_WORK REQUEST_
Line by line, return the listing exactly, without any of the images.

START INFORMATION SHOWN

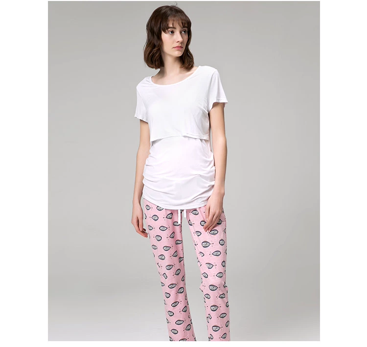 Váy bà bầu tuyệt vời cho bà bầu mùa hè cotton dệt kim nhà hộ sinh dịch vụ khuôn cốc điều chỉnh loại cho con bú ngắn tay 077126 - Giải trí mặc / Mum mặc
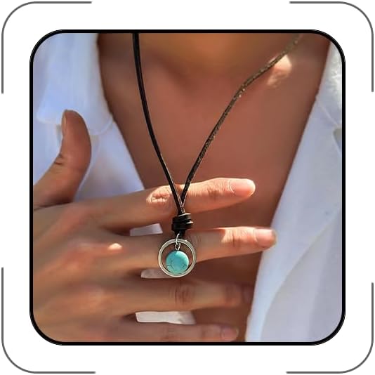 Boho Necklace Leather Necklace for Women,Bohemian Brown Suede Leather Necklaces Turquoise Suede Choker Necklace Boho Wrap Necklaces Jewelry
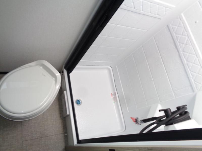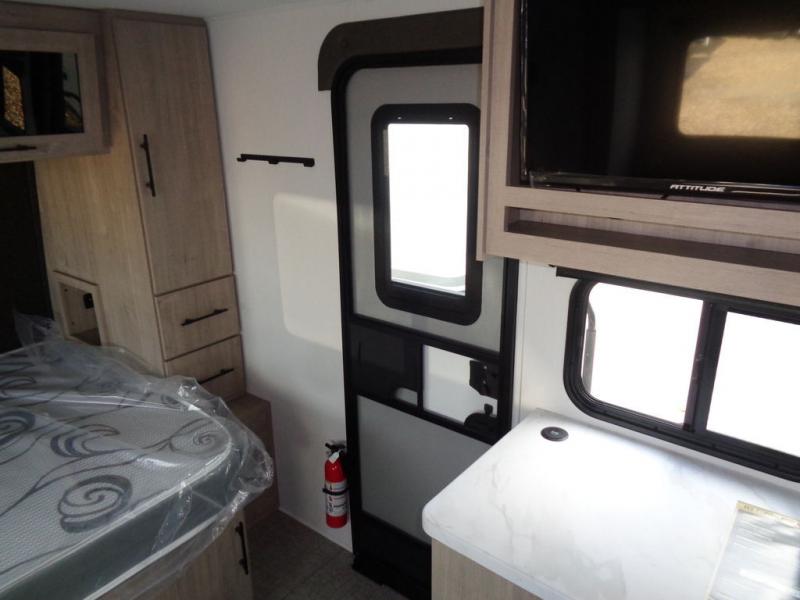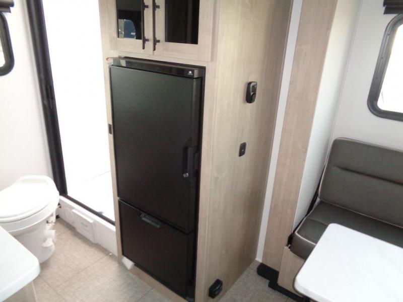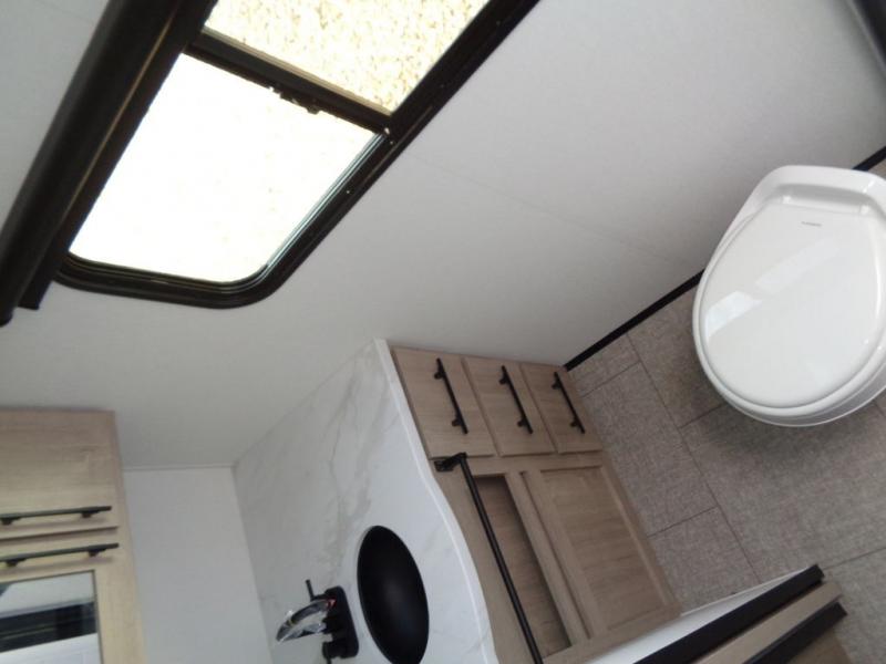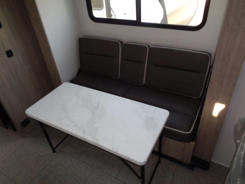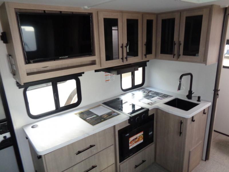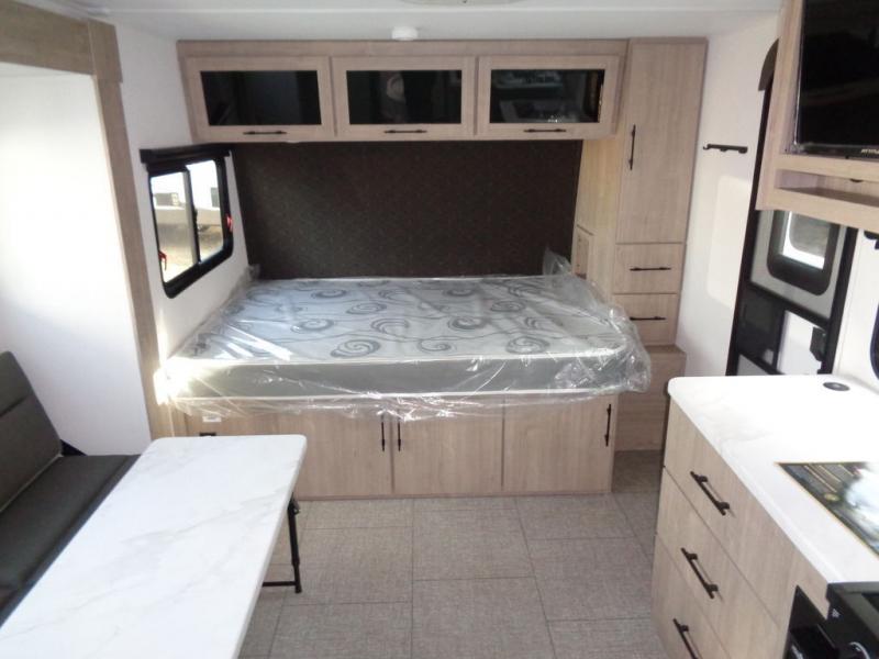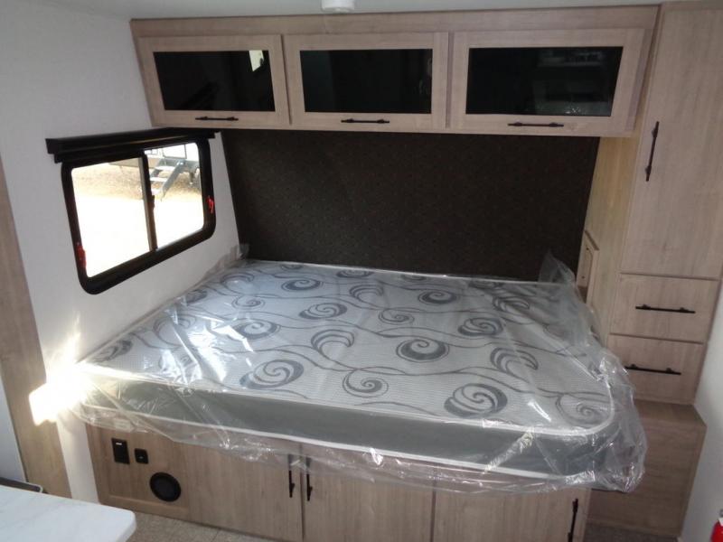 Pack your bags and head out on a fun camping trip in this travel trailer! The front queen bed offers a comfortable place to sleep at night, as well as the roll-over sleeper sofa slide with drawers for storage. You can hang your jacket up on one of the coat hooks when you enter, and then start preparing a delicious meal on the two burner cooktop. You even have an outside griddle to fry up the catch of the day. The full rear bathroom has a walk-in shower with skylight to freshen up in and overhead cabinets for your toiletries!
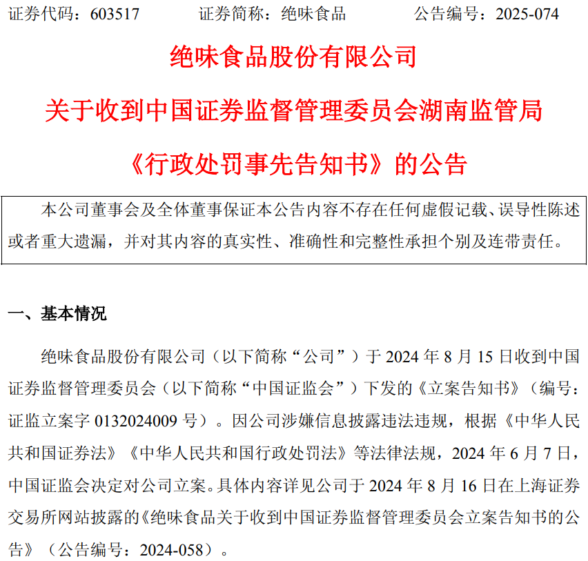 中國證監(jiān)會湖南監(jiān)管局決定對絕味食品責(zé)令改正、給予警告,并處以400萬元罰款;

END INFORMATION SHOWN

_YOUR SOLUTION_
 Váy bà bầu tuyệt vời cho bà bầu mùa hè cotton dệt kim nhà hộ sinh dịch vụ khuôn cốc điều chỉnh loại cho con bú ngắn tay 077126 - Giải trí mặc / Mum mặc
 Boho Necklace Leather Necklace for Women,Bohemian Brown Suede Leather Necklaces Turquoise Suede Choker Necklace Boho Wrap Necklaces Jewelry
 Pack your bags and head out on a fun camping trip in this travel trailer! The front queen bed offers a comfortable place to sleep at night, as well as the roll-over sleeper sofa slide with drawers for storage. You can hang your jacket up on one of the coat hooks when you enter, and then start preparing a delicious meal on the two burner cooktop. You even have an outside griddle to fry up the catch of the day. The full rear bathroom has a walk-in shower with skylight to freshen up in and overhead cabinets for your toiletries!
 中國證監(jiān)會湖南監(jiān)管局決定對絕味食品責(zé)令改正、給予警告,并處以400萬元罰款;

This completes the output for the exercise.